Le ferite di Clift erano così gravi, secondo la storia, che per il resto del film in cui si trovava doveva essere girato dal lato del viso che era stato meno danneggiato dall’incidente, da qui il titolo della canzone. La menzione della canzone del suo infortunio – “La faccia di Monty è si è sfasciata sotto su una ruota” – riesce ad essere sia concreta che comprensiva su più livelli. La metafora, la punizione medievale di essere sotto una ruota, suggerisce la tortura interiore che Clift ha subito, costretto a nascondere la sua natura. Chi ha detto che i Clash erano solo dei semplici punk?
Tuttavia, non avevano dimenticato le loro radici: il culmine della canzone – un classico momento dei Clash – vede Joe Strummer sopraffatto dalla sua stessa energia alla fine di una sequenza di versi che si scatena, infine, in un grido balbettante, perfetto e incompiuto, che suona qualcosa come “Auufff ghtughh pkuughhh p’kggh – AUUGGGHH!”
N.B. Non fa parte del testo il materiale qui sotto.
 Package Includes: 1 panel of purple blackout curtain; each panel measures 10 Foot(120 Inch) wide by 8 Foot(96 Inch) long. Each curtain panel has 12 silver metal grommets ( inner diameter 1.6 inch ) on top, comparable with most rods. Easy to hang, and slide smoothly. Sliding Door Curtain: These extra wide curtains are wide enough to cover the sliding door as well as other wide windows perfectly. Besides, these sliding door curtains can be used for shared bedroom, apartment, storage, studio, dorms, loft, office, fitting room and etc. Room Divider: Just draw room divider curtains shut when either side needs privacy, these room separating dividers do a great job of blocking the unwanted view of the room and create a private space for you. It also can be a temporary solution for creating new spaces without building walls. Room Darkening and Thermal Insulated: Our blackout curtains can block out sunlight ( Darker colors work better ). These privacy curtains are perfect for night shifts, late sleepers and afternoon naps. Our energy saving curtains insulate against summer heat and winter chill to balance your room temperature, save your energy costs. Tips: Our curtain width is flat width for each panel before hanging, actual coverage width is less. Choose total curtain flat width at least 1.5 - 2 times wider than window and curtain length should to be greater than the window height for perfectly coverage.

London Calling: post avanguardismo e new punk
London Calling è allo stesso tempo variegato e, allo stesso tempo, straordinariamente coerente, molto più del seguito, ad esempio, della band del 1980, Sandinista! Le sciocchezze comprendono per lo più critiche maldestre del capitalismo (il quarto ordine di Madison Avenue “Koka Kola” e il più apprezzato ma non meno stantio “Lost in the Supermarket”). Allo stesso modo, l’aggiunta dell’ultimo minuto dell’album, “Train in Vain“, potrebbe aver guadagnato alla band il loro primo grande successo negli Stati Uniti, ma con la sua mansuetudine e il suono quasi anni ’60, suona come una stupida resa alle classifiche.
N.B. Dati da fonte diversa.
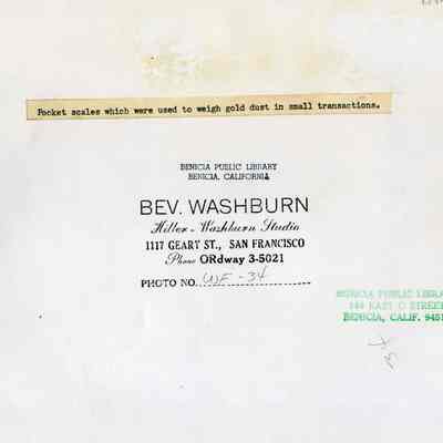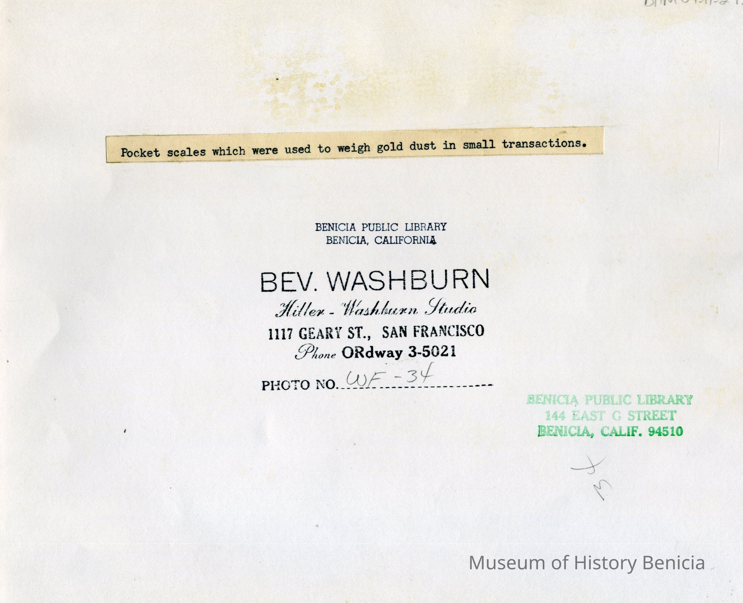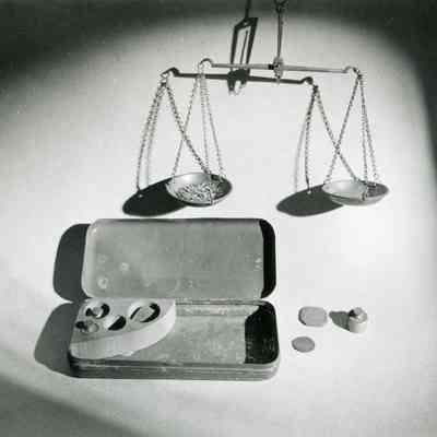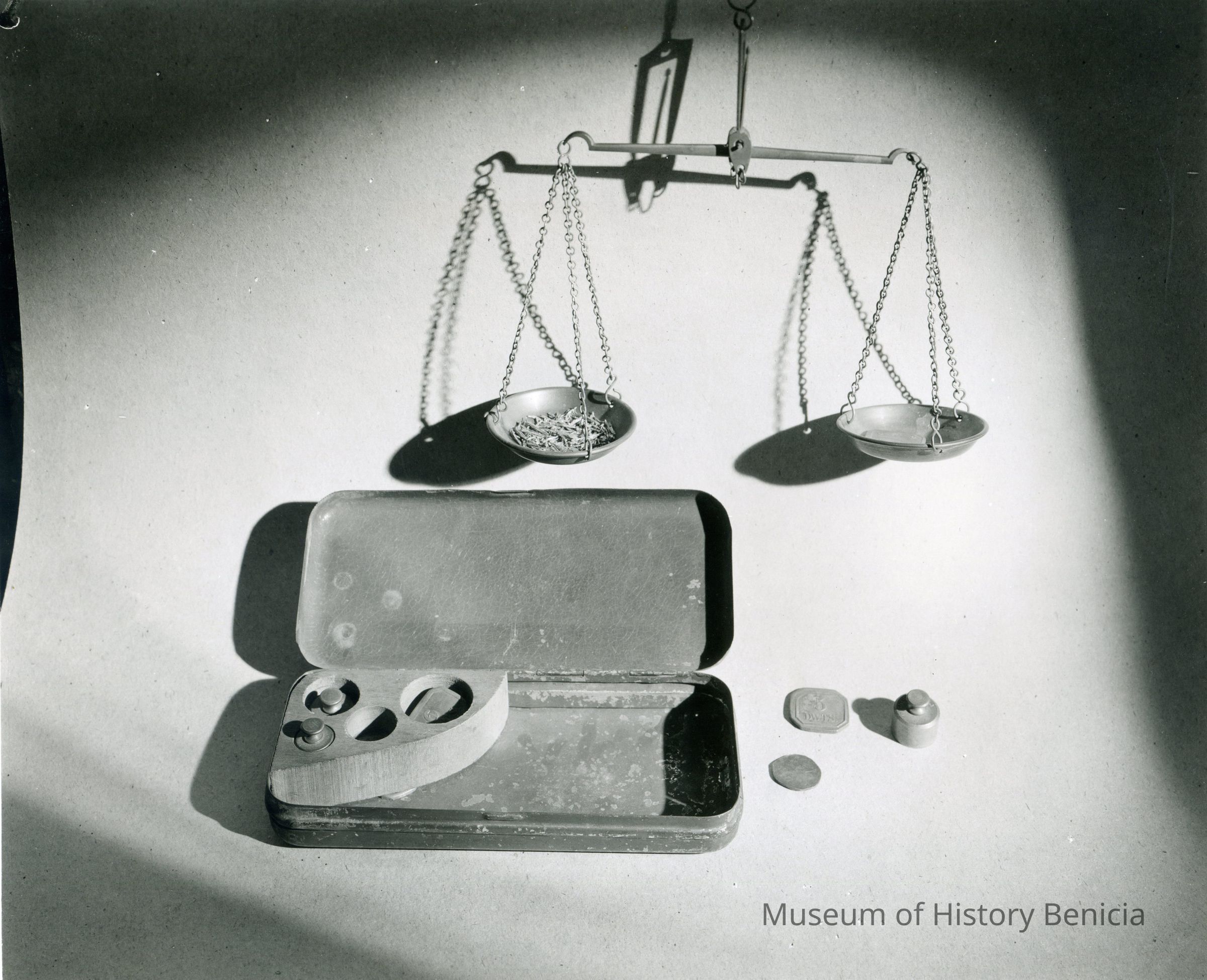 B/w photograph of pocket scales which were used to weigh gold dust in small transactions.

Quasi meglio l’album si era concluso con “The Card Cheat“, una canzone ambiziosa e dal suono imponente che raccoglie la spinta della storia dietro di sé, brandendo riferimenti alle fumerie d’oppio e alla guerra di Crimea e culminando in una sorta di memento mori.
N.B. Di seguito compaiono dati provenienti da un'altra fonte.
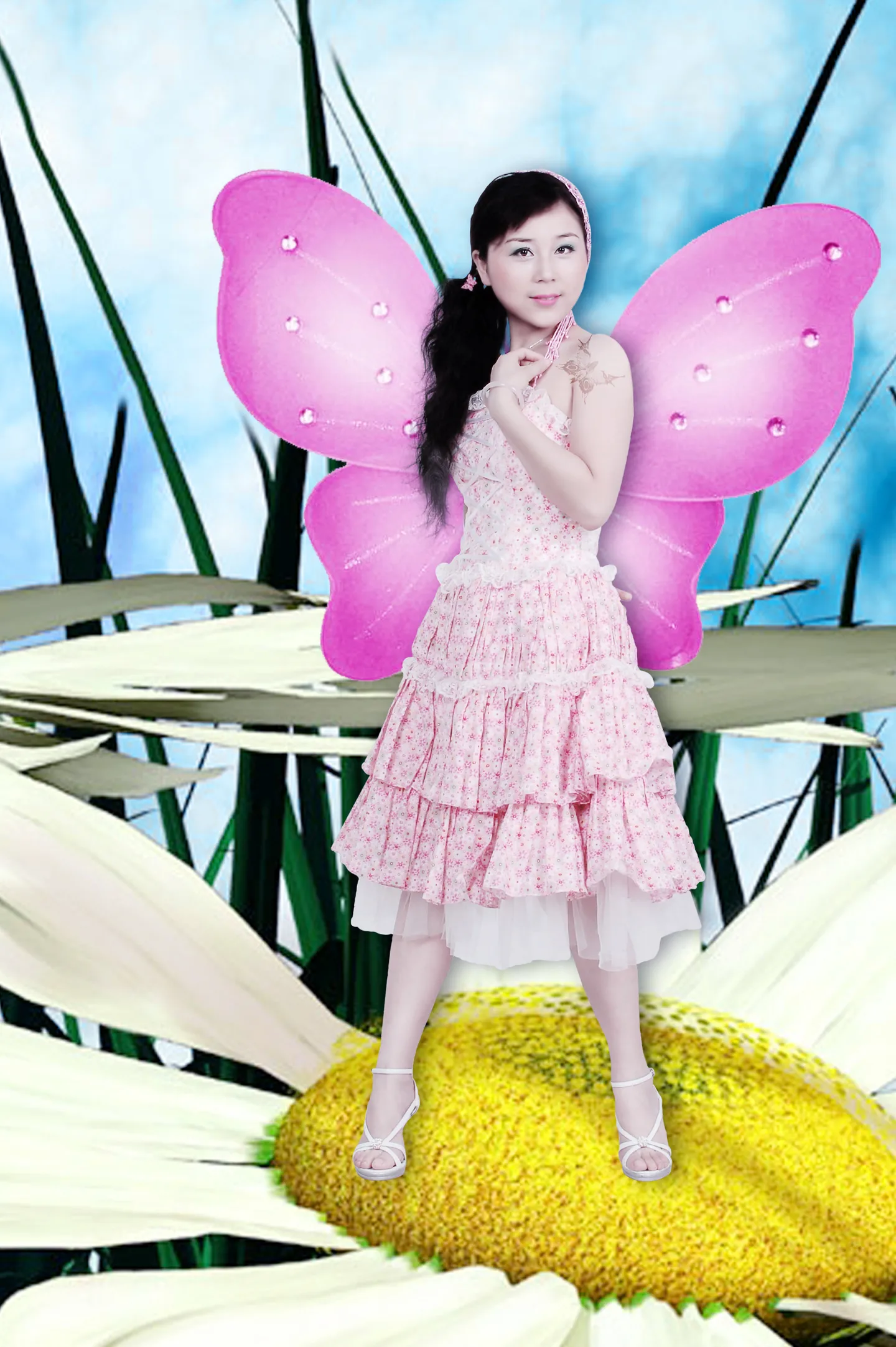 肤色提亮, 右下角的布景布去掉. 艺术化:轻微艺术化 基调:欢悦明快的 背景:稍作调整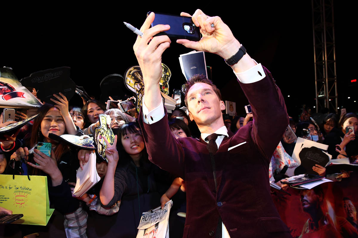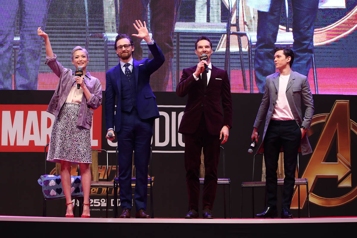 Where is the Avengers Godfather? They’ve held him back until we’re inside two weeks to the movie’s opening day while some of the others have been already dispatched overseas to start working on the international box office. Benedict Cumberbatch, Tom Hiddleston, Pom Klementieff, and Tom Holland are in Seoul today after attending a fan event in London on the weekend. RDJ is expected to join Benedict in Singapore on Monday though for another fan event.

I Clash non erano più l’avanguardia di prima. Sembrano ammetterlo in “Death or Glory“, una sorta di promemoria dell’inevitabilità del tutto esaurito, che contiene un memorabile, anche se piuttosto grossolano, aforisma in questo senso (“Colui che si scopa le suore si unirà in seguito alla Chiesa“). Ma erano riusciti a fare qualcosa di interessante a sé stante, non semplicemente come parte di un movimento: un album che mettesse in mostra la gamma dei loro gusti, uno che nessun altro avrebbe potuto realizzare, e che per questi motivi merita il suo posto nelle liste migliori del decennio più dei loro lavori precedenti. Ogni escamotage discografico economico fa un affare con il mondo, ma questo è migliore di molti altri.